Le grandi pianure del Canterbury
Nebbion da fogo la mattina! Pare di essere in Pianura Padana! Meno male che mentre colaziono con le lasagne della sera precedente la nebbia si dissipa per lasciare spazio ad un bel sole, di quelli belli che fanno sudare. Me la prendo con estrema calma, e quando parto sono ormai le undici, orario improbabile per cominciare una tappa, ma vista la piattezza della regione oggi non dovrebbero esserci problemi.
In effetti i primi km sono piatti piatti, poi il paesaggio si fa progressivamente piú secco, in stile Blenheim, ricompaiono i vigneti e pure le colline. Poca roba comunque, niente di difficile, e dopo un paio di paesetti fantasma, di quelli con un hotel in legno del XIX secolo e nient´altro, arrivo a Waikari, punto di arrivo di uno storico treno che passa per il Weka Pass. Il Weka Pass é affascinante, sulle collinette appaiono misteriosamente delle strane formazioni rocciose, di quelle che creano leggende, dalle forme bizzarre che possono essere interpretate in mille maniere. Dopo il passo, la strada per Waipara é in leggerissima discesa, ho vento a favore e per 8 km tengo una media assurda che sfiora i 50 km/h: eh, quando il vento e´ a favore, si sente!
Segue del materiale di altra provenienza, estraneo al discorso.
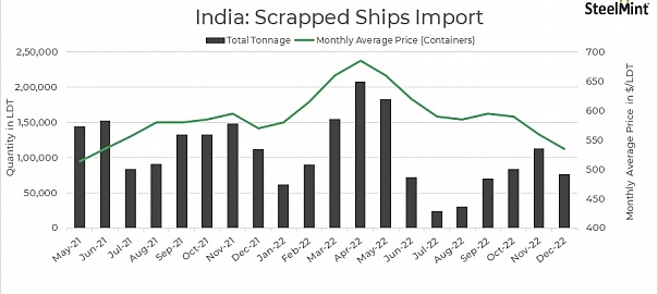 India: Scrap ship imports decrease in Alang by 33% m-o-m in Dec’22
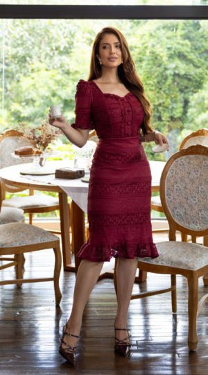 VESTIDO NO MODELO TUBINHO NA RENDA DE ALGODÃO TRABALHADA COM BABADOS. POSSUI DECOTE CORAÇÃO E APLICAÇÃO DE BOTÕES ENCAPADOS NÃO FUNCIONAIS E RENDA GUIPIR VERTICAL NO BUSTO. POSSUI MANGA ¾ LEVEMENTE BUFANTE COM APLICAÇÃO DE RENDA NO PUNHO FORMANDO BABADO. SAIA NO MODELO TUBINHO COM APLICAÇÃO DE BABADO NO BARRADO. POSSUI ZÍPER NAS COSTAS. POSSUI FORRO.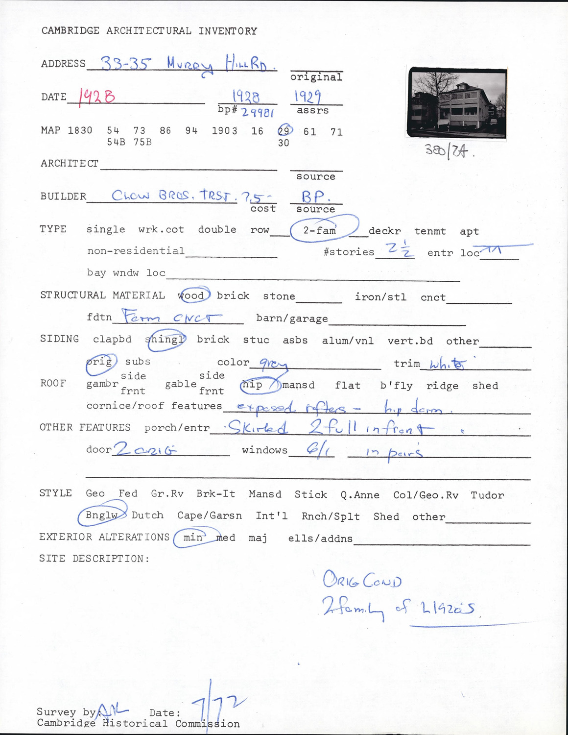 33-35 Murray Hill Rd - Architectural Inventory Form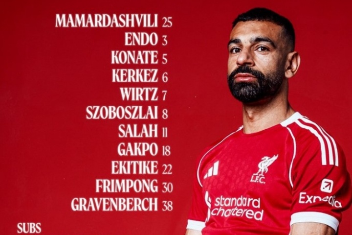 利物浦首發(fā):25--瑪瑪達(dá)什維利、5-科納特、6--科爾克茲、30-弗林蓬、38-赫拉芬貝赫、3-遠(yuǎn)藤航、7-維爾茨、8-索博斯洛伊、18-加克波、11-薩拉赫、22-埃基蒂克

A Waipara, circondata da vigneti, mi incrocio nuovamente con la trafficata Highway 1, che seguo solo per una decina di km, fino ad Amberley. Da questo paesotto di campagna riprende la Inland Road, che peró, a confronto con l´Inland Road di ieri, é una palla assoluta. Nei primi 26 km che mi separano da Rangiora ci saranno 5 curve; invece, nella strada che va da Rangiora a Oxford, ce ne saranno due! Mi metto le cuffiette, accendo il lettore mp3 e via di heavy metal, sennó rischio di addormentarmi e tirare dritto ad una delle poche curve!
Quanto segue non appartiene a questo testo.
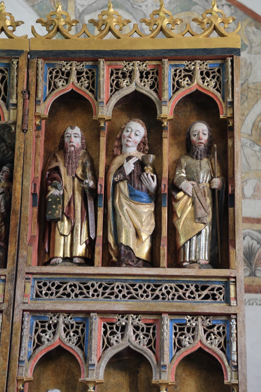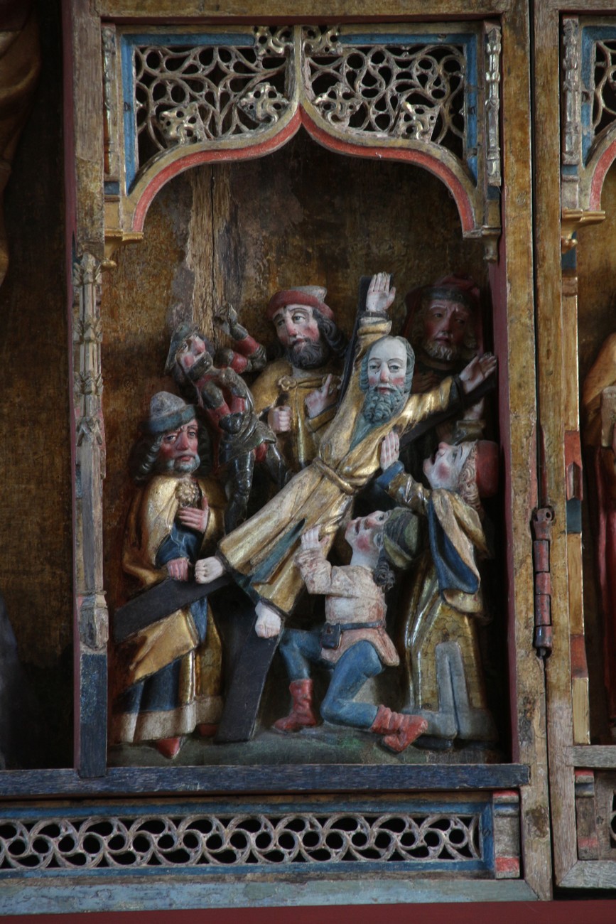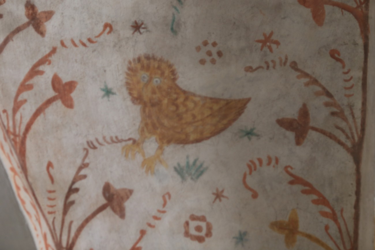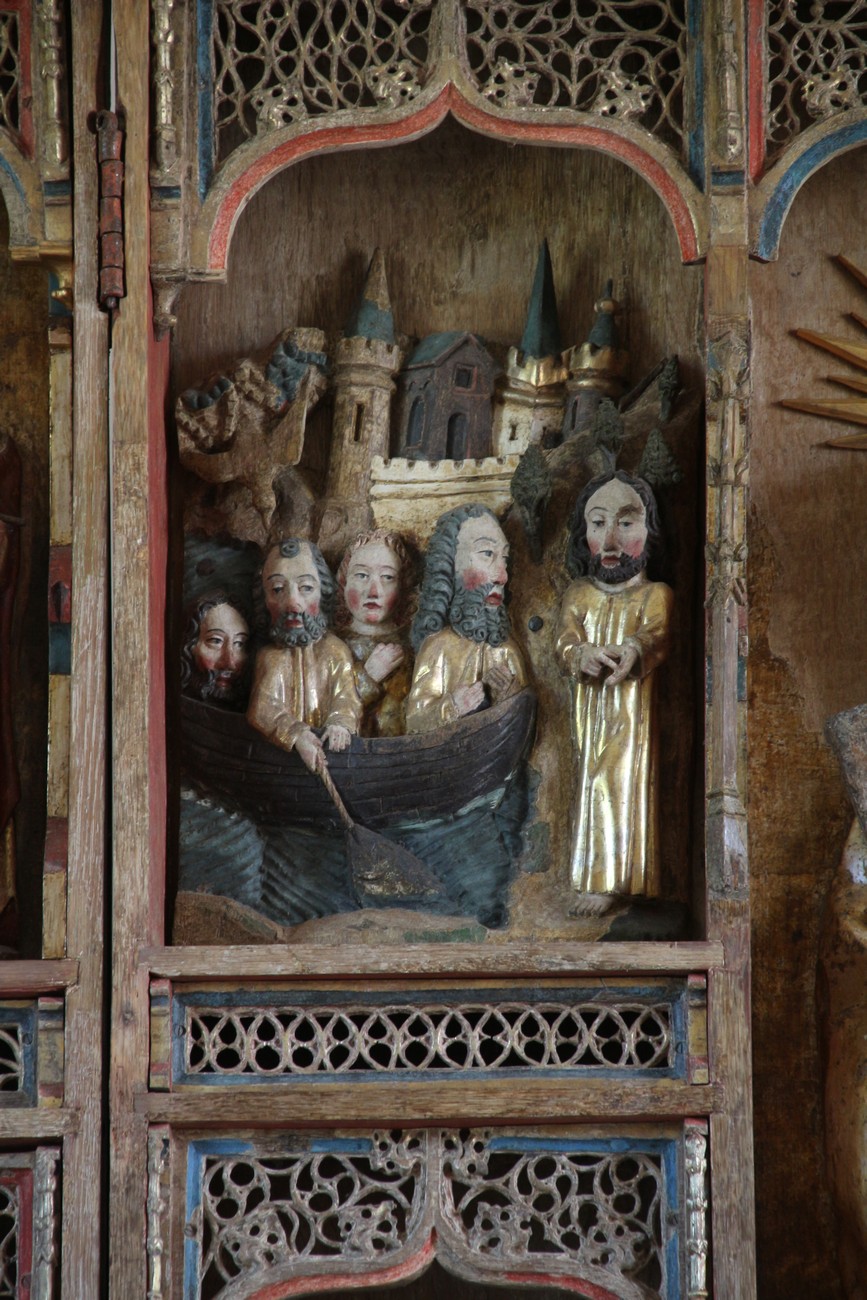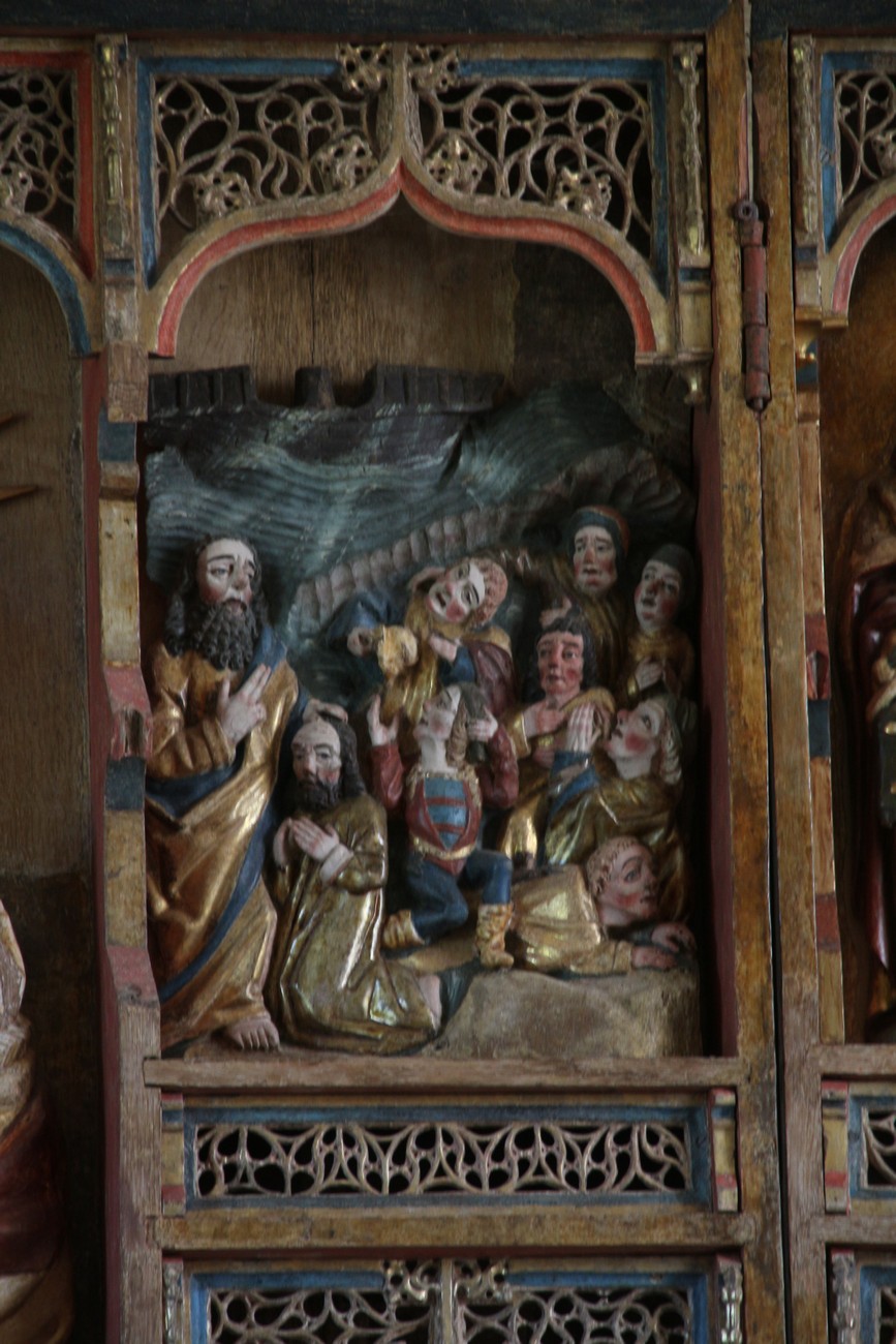 Auto käynnistyi iloisesti, tyhjäkäynti hieman röpötti mutta valot eivät palaneet ja matkaan päästiin. Kävimme heti alkajaisiksi huvittumassa ihan liikaa Keldbyn kirkon keskiaikaisista seinämaalauksista ja puuveistoksista. Niitä on kirjaimellisesti seinät ja katto täynnä, toinen toistaan mahtavampaa naivismia. Juu, olen minä hevosen nähnyt, eikös se piirretä vähän kuin iso koira? Ja crowdsurffaava jesse, se me laitetaan alttaritauluun. Meinasi naurattaa ääneen, mutta muiden läsnäolijoiden vuoksi hillitsimme itsemme - etenkin halusimme suojella yli-ikäisen sivarin näköistä, ilmeisesti suntiota, joka tomutti virsikijoja ahkerasti.

Stasera sono ospitato da tre ragazze argentine, anche loro lavorano in una fattoria dispersa nella campagna, e trovare la loro casa regala le prime emozioni degli ultimi 70 km. E´ ancora piú in culandia della casa di Kateryna, ma arrivare fin qua mi piace: certo, dopo una settimana non mi piacerebbe piú... L´accoglienza é in classico stile latino, con loro mi trovo gran bene, ma questa é una costante degli argentini trovati lungo il cammino, e la loro compagnia mi riempie di allegria: mate e milanesa, poi, fanno il resto.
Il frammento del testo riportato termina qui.